BC Election Act Challenge goes to Supreme Court of Canada

On June 22, 2015, FIPA filed an Application for Leave to appeal the judgment of the Court of Appeal for British Columbia on our Election Act challenge.

voting keith Ivey copyThe BC Election Act makes something as simple as putting a handwritten sign in your window during the election period without registering with the authorities an offense, which could result in a year in jail and a $10,000 fine. FIPA submitted that the restrictions on 3rd party election advertising and the registration requirements for 3rd party election advertisers in the BC Election Act are an unjustified violation of the right to free expression guaranteed by section 2(b) of the Charter.  We sought to change the legislation so that anyone with expenditures below $500 is exempted from s. 239 of the Election Act, as they are under other Canadian election laws.
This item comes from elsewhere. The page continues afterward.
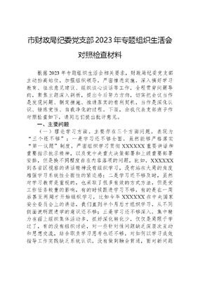 市财政局纪委党支部2023年专题组织生活会对照检查材料根据2023年专题组织生活会相关要求,财政局纪委党支部主动抬高站位,加强组织领导,严密推进实施,深入搞好学习教育、征求意见建议、组织谈心谈话等工作,全程贯穿问题导向,聚焦主题深入剖析,提出今后努力方向,切实把会议当作是发现问题、制定措施、推进落实的有利契机,当作是深化认识、锤炼党性、自我净化的过程。下面,由我代表支部班子作对照检查如下,请同志们提出批评意见。一、主要问题(一)理论学习方面。主要存在三个方面问题,表现为三个还不够:一是学习还不够全面,虽然能够严格落实第一议题制度,严密组织学习贯彻XXXXXX重要讲话和重要指示批示精神,以及党中央重大决策部署和上级重要部署安排,但是换不同程度存在内容落项的问题,比如,XXXXXX到各省区视察的讲话精神没有组织学习,没有站在大局的角度增强学习系统性全面性的紧迫感;二是学习还不够及时,虽然对学习教育是重视的,也采取了很多有效的方式方法,但是受工作任务较重的影响,有的时候跟进学习不够,有的是在一周后甚至两周才开始组织学习,比如今年XXXXXX在中央国家安全委员会上的讲话,我们直到半个月后才组织学习,从不同侧面说明跟进学的意识还不够;三是学习还不够深入,集中精力在面上组织集体活动多,抓好深化转化少,仅仅是局限于学过了,有的没有组织讨论,对一些针对性问题缺乏深层次互动和思想交流,结合职责学习思考也还不够,对如何以学习成效指导工作实践缺乏系统认识,没有做到融会贯通,面对新问题新挑战,运用理论指导实践、推动建设发展的能力还不足。(二)政治素质方面。主要存在三个方面问题,表现为三个还不足:一是政治能力还不足,虽然能够自觉深入学习,始终同党中央保持高度一致,但对政治理论知识还缺乏了解和理解,对国内外一些政治动态了解不足,还不能准确判断政治现象和事件背后因素和影响,在政治议题上缺乏独立思考和判断力,对政治决策、公共政策等问题缺乏关注,政治判断力、领悟力、执行力还有欠缺;二是领悟理解还不足,由于政治理论学习的不够扎实,对两个确立蕴含的历史逻辑、理论逻辑、实践逻辑理解和把握得不够充分、全面和深刻,导致部分党员干部的政治鉴别力难以适应现实需求,对鱼龙混杂的国际舆论、良莠不齐的国外思潮、社会上存在的错误言论缺少斗争精神和辨别能力;三是斗争精神还不足,政治领悟力不足往往对政治斗争的本质和规律缺乏深入的认识和理解,难以准确判断形势并采取有效的应对措施,特别是对一些问题斗争精神不够,多是会上讲的多,平时说的少,有时即使开展批评,多半是以建议代替批评,距离红红脸、出出汗的要求还有一定的差距,斗争的角度、尺度、力度把握得不够精准,常常采用正面驳斥的方法,斗争的效果不够好。(三)能力本领方面。主要存在三个方面问题,主要表现在三个还不强:一是深化思想还不强,虽然能够持续加强学习,注重转化深化,但对如何守正创新、走深做实缺乏深度思考,透过现象看本质的能力有待进一步提高,站在推动发展、服务大局的角度去思考问题的高度不够,安排得多、督促得少,宏观指导的多、扑下身子抓落实的少,缺少深入的调查研究,没有很好地深入一下研究问题、解决问题,特别是部分班子成员学习不深不透,不注重提升自身综合素质,导致存在干部履职能力不足、本领恐慌问题。二是能力素质还不强,虽然够认真履行职责,全力推进全面从严治党,抓好党风廉政建设,但在发挥党的领导核心作用,强化统筹调度上有差距,在一些工作推进落实上还没有真正做到抓底扣细,班子成员缺少时刻保持干一行、钻一行、精一行的恒心毅力,主动发现问题、靠前服务的意识还不够,不同程度存在按部就班、被动求稳的现象,有时会满足于现状,忽视在工作标准、能力素质还没有达到上级的要求。三是培养帮带还不强,当前上级好于下级、领导干部好于一般干部的现象比较突出,能力发展不平衡、不全面的问题亟待解决,班子对加强干部队伍专业能力建设的长期性、艰巨性认识不够深刻,在落实干部教育培育制度机制,加强谋划部署方面做得还不够,特别是针对性还不强,载体不够多,缺乏及时发现和解决自身存在问题的意识和能力。(四)担当作为方面。主要存在三个方面问题,主要表现在三个不够好:一是主动作为不够好,有时存在不求有功、但求无过、回避矛盾、避重就轻的现象,对一些疑难杂症缺乏担当意识,遇到矛盾、困难和问题,不去主动化解克服,工作原则性、战斗性不强,不同程度存在—停二看三绕开,没有真抓实干,攻坚克难,坚忍不拔,奋发有为的姿态,有的时候使小矛盾成了大矛盾、小问题成了大问题,比如在一件信访问题上,本来很容易化解,由于效率不高造成越级上访问题。二是务实求实不够好,有时感觉疲于应付,放松了对标准的要求,满足于不出错、过得去,很多情况下,任务要求时间紧、工作量大,积极向上、锐意拼搏的工作热情、主动

Last year, a BC Supreme Court judge ruled that although these third party spending provisions did violate the right to freedom of expression under the Charter of Rights and Freedoms, and the violation was not ‘trivial or insubstantial’ as claimed by the government, it could be justified under section 1 of the Charter. FIPA took the case to the BC Court of Appeal. In 2015, the BC Court of Appeal issued a 2-1 ruling upholding the BC Supreme Court’s decision. The Application for Leave at the Supreme Court of Canada is the next step in the process. FIPA would like to thank lawyers Sean Hern and Alison Latimer of Farris Vaughan for their extensive pro bono work on this case.